Paola didn’t deign to grace this with rational opposition. She picked up the salad and walked towards him. ‘Go see if Chiara has set the table.’

Chapter Five

He read through the files that night before going to sleep and found in them evidence of a world he had perhaps known existed but about which he had known nothing either detailed or certain. To the best of his knowledge, there were no transvestites in Venice who worked as prostitutes. There was, however, at least one transsexual, and Brunetti knew of this person’s existence only because he had once had to sign a letter attesting that Emilio Marcato had no criminal record, this before Emilia could have the sex listed on her carta d’identita changed to accord with the physical changes already made to her body. He had no idea of what urges or passions could lead a person to make a choice so absolutely final; he remembered, though, being disturbed and moved to an emotion he had chosen not to analyse by that mere alteration of a single letter on an official document: Emilio – Emilia.
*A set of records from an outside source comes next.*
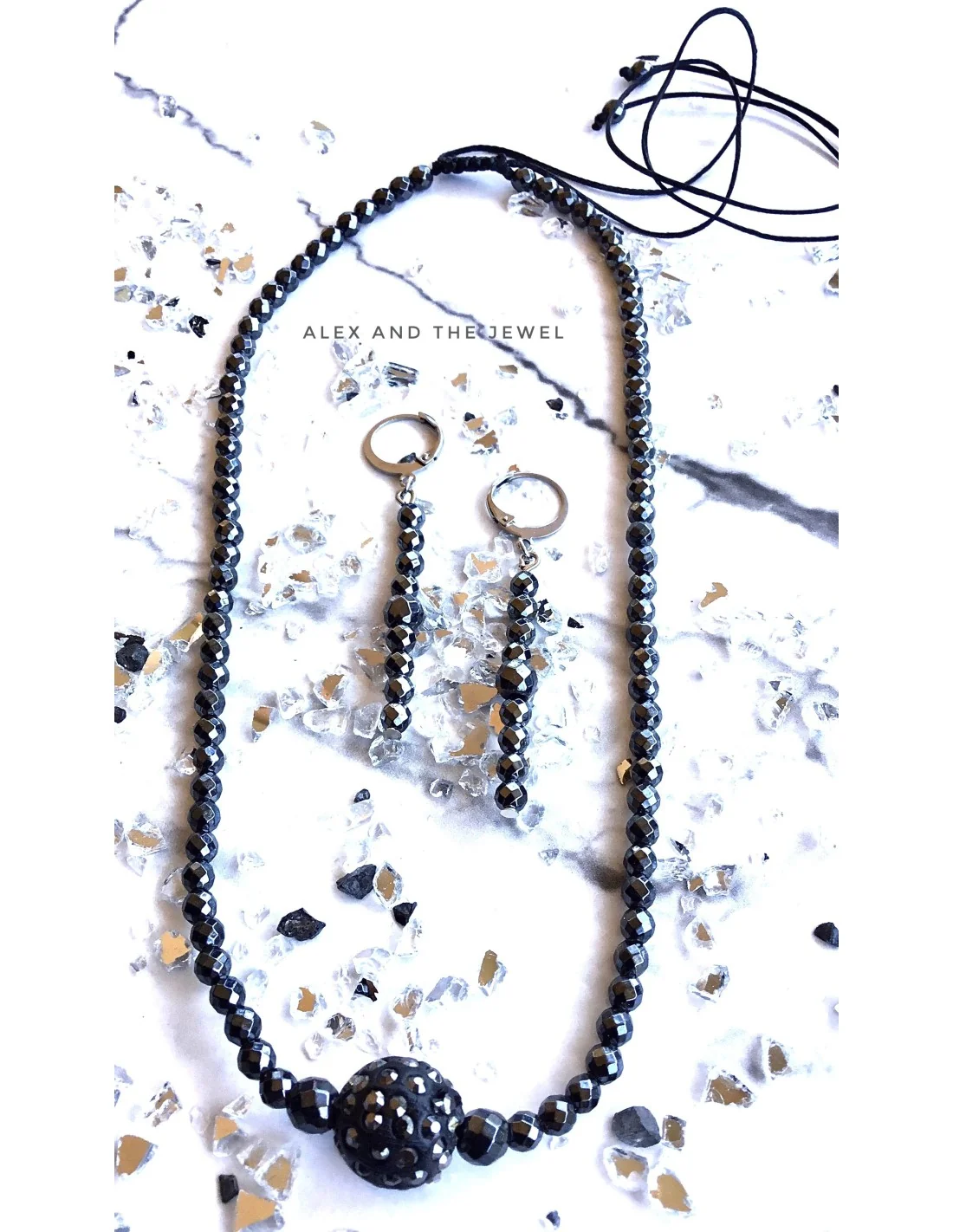 Το κεντρικό στοιχείο είναι μια μπίλια από πέτρες Μαρκασίτη, γνωστές για τη λαμπερή τους όψη και την κομψή αίσθηση που προσδίδουν, ενώ οι πέτρες Αιματίτη ενσωματώνονται για να ενισχύσουν το διαχρονικό και μινιμαλιστικό στυλ του κολιέ.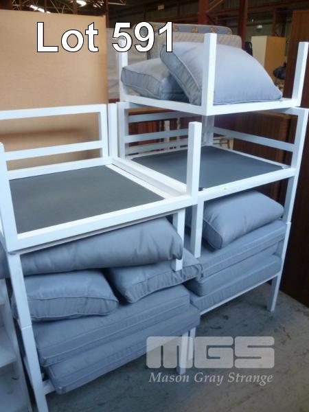 WHITE ALUMINIUM FRAME OUTDOOR MODULAR LOUNGE, 6 x MODULES, GREY ACRYLIC CUSHIONS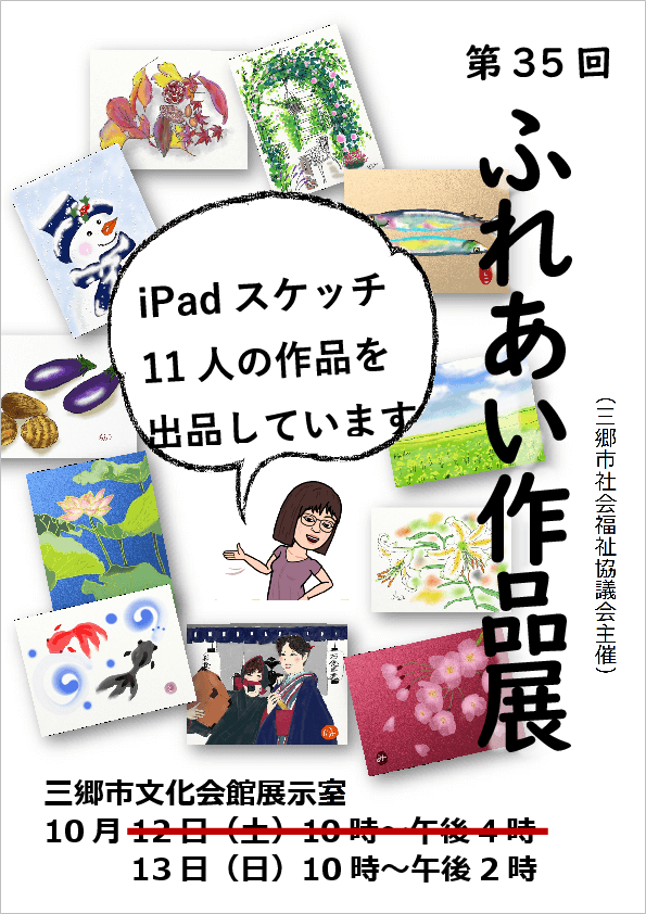 開催期間:2019-10-13~2019-10-13iPadお絵かきクラスのお知らせです。 三郷市社会福祉協議会主催「第35回ふれあい作品展」に iPadお絵かきクラスのスケッチ作品を初出品しています。 どれも力作揃いの素晴らしい作品です。 ぜひ多くの方にご覧いただけると嬉しいです。

The men in the file had not been driven to go so far and had chosen to transform only their appearance: face, clothing, make-up, walk, gesture. The photos attached to some of the files attested to the skill with which some of them had done this. Half of them were utterly unrecognizable as men, even though Brunetti knew that was what they were. There was a general softness of cheek and fineness of bone that had nothing of the masculine about them; even under the merciless lights and lens of the police camera, many of them appeared beautiful, and Brunetti searched in vain for a shadow, a jut of chin, for anything that would mark them as men and not as women.

Sitting beside him in bed and reading the pages as he handed them to her, Paola glanced through the photos, read one of the arrest reports, this one for the sale of drugs, and handed the pages back to him with no comment.

‘What do you think?’ Brunetti asked.

‘About what?’

‘All of this.’ He raised the file in his hand. ‘Don’t you find these men strange?’

Her look was a long one and, he thought, replete with distaste. ‘I find the men who hire them much stranger.’